Dans Le Souvenir du monde. Essai sur Chateaubriand (Grasset, 2011), Michel Crépu a donné un portrait inégalable de Chateaubriand, rendant à celui-ci toute la vivacité incisive que la légende romantique fait trop oublier. Puisse cet article (conçu à l’origine comme une contribution à un volume collectif sur les représentants littéraires de « l’esprit français ») être lu comme une simple reconnaissance de dette.
Une fois congédié le mythe d’un « caractère national » éternel, d’une façon d’être ou de penser qui serait congénitale aux habitants d’un territoire ou aux administrés d’un État, une fois reconnue la pluralité des croyances et des traditions qui forment l’ensemble mouvant de ce qui s’appelle une « culture », que peut-il rester de la notion si confuse d’une « identité nationale » — sinon le sens d’une responsabilité envers l’histoire, de l’obligation de se rapporter à un héritage, que ce soit pour l’accepter ou le refuser, le conserver ou le transformer ? Une telle obligation admet bien des modalités, qui sont autant d’identités divergentes. À supposer que l’œuvre de Chateaubriand puisse témoigner d’une « identité française », c’est d’abord au sens où elle en montre les perplexités ; car cette œuvre s’est toute entière constituée, dans l’après-coup de la Révolution française, autour de la difficulté de l’héritage, dans l’expérience de la disjonction des temps et de l’incertitude des relations du présent au passé.

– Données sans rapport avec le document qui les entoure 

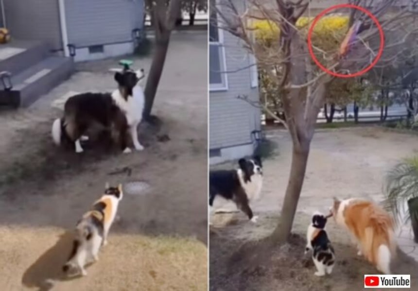 「どうしたニャ? 何してるニャ?」と、1匹の猫がすたたたたっと駆けてきた先には、木の上を見つめるわんこたちが。

La révolution commencée en 1789 fut à la fois rupture avec le passé et proclamation d’une identité politique. Aujourd’hui encore, la fête nationale du 14 juillet concentre une légende républicaine qui fait de la France le « pays des droits de l’homme » et la « patrie de l’universel ». À cette légende répond une contre-légende, inaugurée dès 1790 par Burke, qui relie les excès révolutionnaires aux vices de « l’esprit français » : la centralisation administrative, destructrice des libertés locales, n’était-elle pas la conséquence politique du rationalisme abstrait de Descartes ? Les sarcasmes de Voltaire contre la religion ne devaient-ils pas résulter dans les sacrilèges révolutionnaires ? L’idéal républicain développé par Rousseau, qui voulait que le citoyen n’ait pas d’autre volonté que la volonté générale, n’avait-il pas pour traduction logique l’étatisme autoritaire des jacobins et de Napoléon ?

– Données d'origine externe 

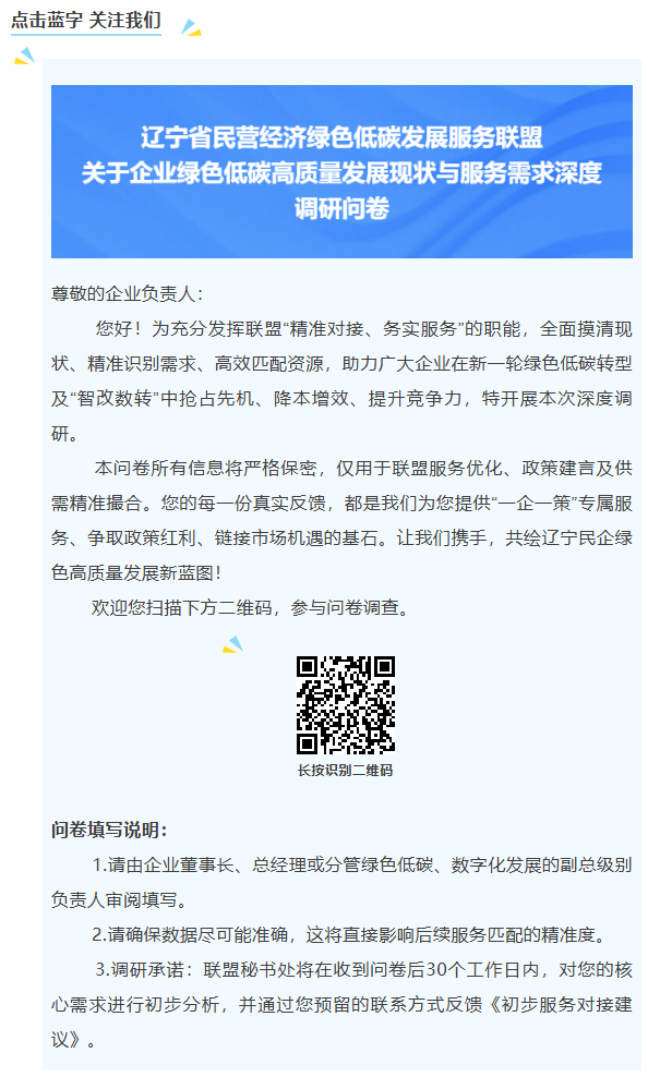 调研问卷丨辽宁省民营经济绿色低碳发展服务联盟关于企业绿色低碳高质量发展现状与服务需求深度调研
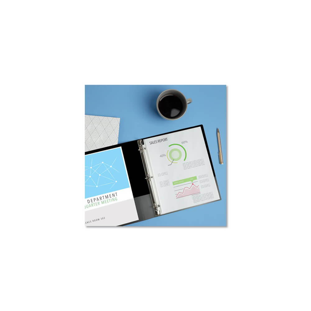 • Non-locking round rings hold 8 1/2″ x 11″ documents.
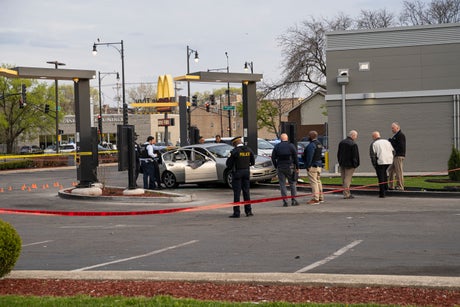 A McDonald’s employee, who asked not to be named, told the Chicago Sun-Times that two people got out of a grey car in the drive-thru and started shooting at Adams’ car.
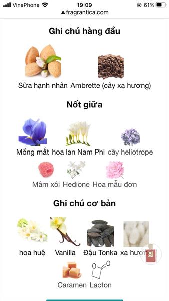 + Hương cuối: hoa huệ, vanila, đậu tonka, xạ hương, caramen, lacton

Mais la légende et la contre-légende risquent toutes deux de faire oublier que « l’esprit français » est à l’œuvre, tout autant que dans les ricanements de Voltaire, dans les méditations tristes où s’exprima, à l’orée du XIXe siècle, la mélancolie chrétienne de Chateaubriand — Chateaubriand dont la jeunesse s’était enthousiasmée pour Rousseau, en qui il ne voyait pas un jacobin, mais un « promeneur solitaire » doué d’une « éloquence de passion inconnue avant lui ». Il est vrai que Chateaubriand est lui-même entré dans les lettres comme un « promeneur solitaire » d’une grande audace stylistique ; il dut sa première célébrité au personnage de René, en proie au dégoût du monde et au « vague des passions », portant avec amertume un « cœur plein » dans un « monde vide », incapable de trouver dans les limites de la vie un objet pour ses désirs indéterminés. Ce sentiment romantique d’être en exil dans le monde, que Chateaubriand décrivait comme sien dans son premier livre — son Essai sur les révolutions de 1797, écrit dans la solitude de son émigration en Angleterre, — n’est-il pas la marque d’un auteur étranger à son propre pays ?

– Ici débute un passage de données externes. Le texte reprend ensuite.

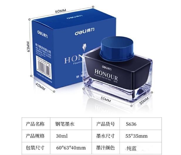 得力(deli)S636钢笔墨水(1瓶/盒)(单位:盒)蓝
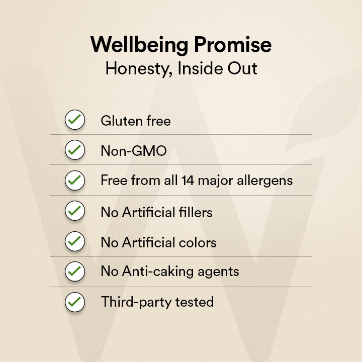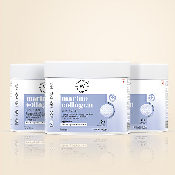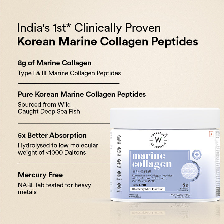 Wellbeing Nutrition's Pure Korean Marine Collagen is formulated with a powerful blend of natural ingredients to boost collagen production. It features Korean Marine Collagen Peptides sourced from wild-caught deep sea fish, Hyaluronic acid, Biotin and Zinc with vitamins C & E, clinically proven to help improve skin elasticity, texture, reduce wrinkles and improve overall skin, hair, nail and joint health.

De fait, lorsqu’il décida de s’embarquer pour l’Amérique en 1791, Chateaubriand ne montrait pas un grand intérêt pour les événements qui transformaient alors la figure de son pays, où il rentra un an plus tard pour émigrer presque aussitôt vers Londres, afin d’échapper aux violences révolutionnaires. En 1826 encore, alors qu’il était depuis des années un des principaux acteurs politiques de son temps, ayant même été ministre de Louis XVIII, il déclarait dans la préface de ses Œuvres complètes : « Je me regarde toujours comme un navigateur qui va bientôt remonter sur son vaisseau, et je ne fais à terre aucun établissement solide. » Et lorsqu’il écrivait, dans son Itinéraire de Paris à Jérusalem (1811), que « le caractère national ne peut s’effacer », le souvenir qui venait illustrer cette maxime convoquait l’expérience du plus étrange dépaysement : le seul exemple que donnait alors Chateaubriand du « génie français » était celui de « Monsieur Violet », qu’il avait rencontré dans une forêt américaine où, installé dans une grange, « poudré et frisé comme autrefois », il vivait des peaux de castors et des jambons d’ours que lui portaient des Iroquois demi-nus, « aux anneaux passés dans les narines », en échange des leçons de danse qu’il leur donnait en rythmant leur quadrille par son violon.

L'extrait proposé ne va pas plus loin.